Я. Что вы! Да у вас брюхо, как у Силена, а лицо…
Он. Лицо, которое можно принять за противоположную часть тела. Что ж, от печали, которая сушит моего дорогого дядюшку, его милый племянник, очевидно, жиреет.
Я. Кстати, видитесь ли вы иногда с этим дорогим дядюшкой?

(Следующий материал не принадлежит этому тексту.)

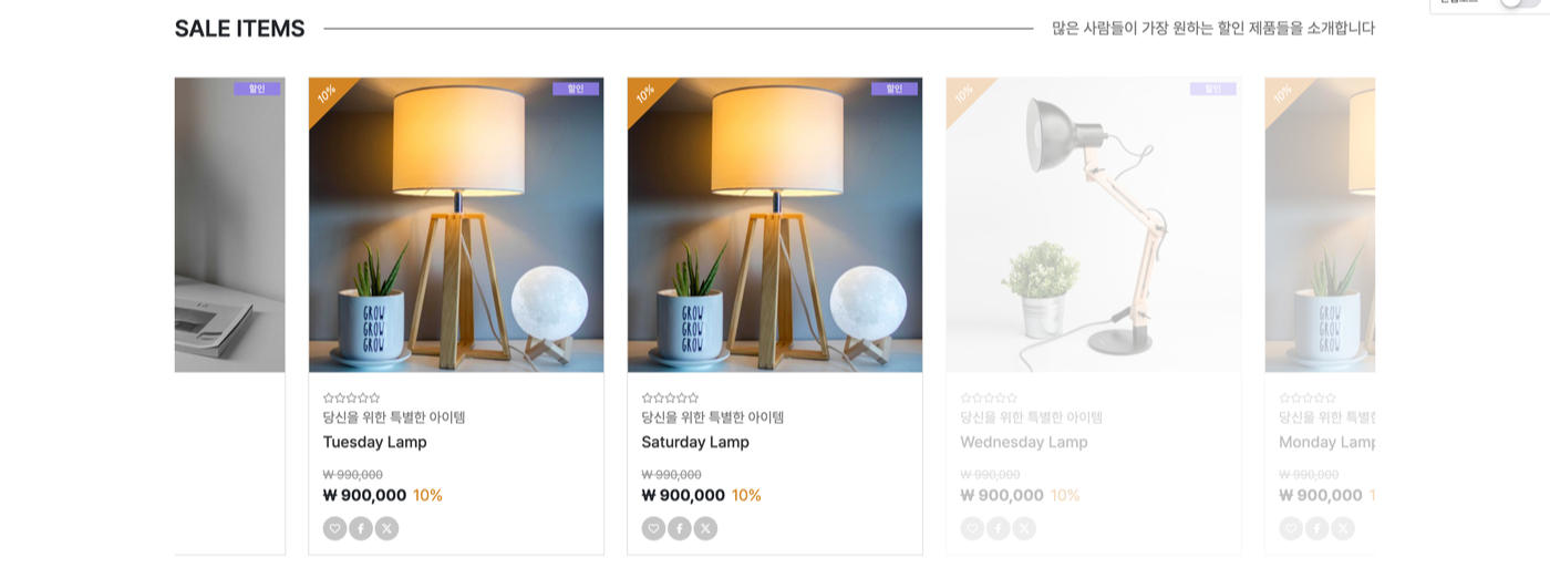 - · 할인 : 스킨(main.50.skin.php:슬라이드형) / 1줄당 이미지 수(6) / 출력할 줄 수(1) / 이미지폭(500) / 이미지높이(0)

Он. Да, на улице, мимоходом.
Я. Разве он не помогает вам?
Он. Если он кому и помог когда-нибудь, то сам того не подозревая. Он философ в своем роде; думает он только о себе, весь прочий мир не стоит для него ломаного гроша. Дочь его и жена могут умереть, когда им заблагорассудится, только бы колокола приходской церкви, которые будут звонить по ним, звучали дуодецимой и септдецимой, – и все будет в порядке. Так для него лучше, и эту-то черту я особенно ценю в гениях. Они годны лишь на что-нибудь одно, а более – ни на что; они не знают, что значит быть гражданином, отцом, матерью, родственником, другом. Между нами говоря, на них во всем следует походить, но не следует желать, чтобы эта порода распространялась. Нужны люди, а что до гениев – не надо их; нет, право же, не нужны они. Это они изменяют лицо земли, а глупость даже и в самых мелочах столь распространена и столь могущественна, что без шума не обойтись, если захочешь преобразовать и ее. Частично входит в жизнь то, что они измыслили, частично же остается то, что было; отсюда – два Евангелия, пестрый наряд арлекина. Мудрость монаха, описанного Рабле, – истинная мудрость, нужная для его спокойствия и для спокойствия других: она – в том, чтобы кое-как исполнять свой долг, всегда хорошо отзываться о настоятеле и не мешать людям жить так, как им вздумается. Раз большинство довольно такой жизнью – значит, живется им хорошо. Если б я знал историю, я показал бы вам, что зло появлялось в этом мире всегда из-за какого-нибудь гения, но я истории не знаю, потому что я ничего не знаю. Черт меня побери, если я когда-нибудь чему бы то ни было научился и если мне хоть сколько-нибудь хуже оттого, что я никогда ничему не научался. Однажды я обедал у одного министра Франции, у которого ума хватит на четверых, и вот он доказал нам как дважды два четыре, что нет ничего более полезного для народа, чем ложь, и ничего более вредного, чем правда. Я хорошо не помню его доказательств, но из них с очевидностью вытекало, что гений есть нечто отвратительное и что, если бы чело новорожденного отмечено было печатью этого опасного дара природы, ребенка следовало бы задушить или выбросить вон.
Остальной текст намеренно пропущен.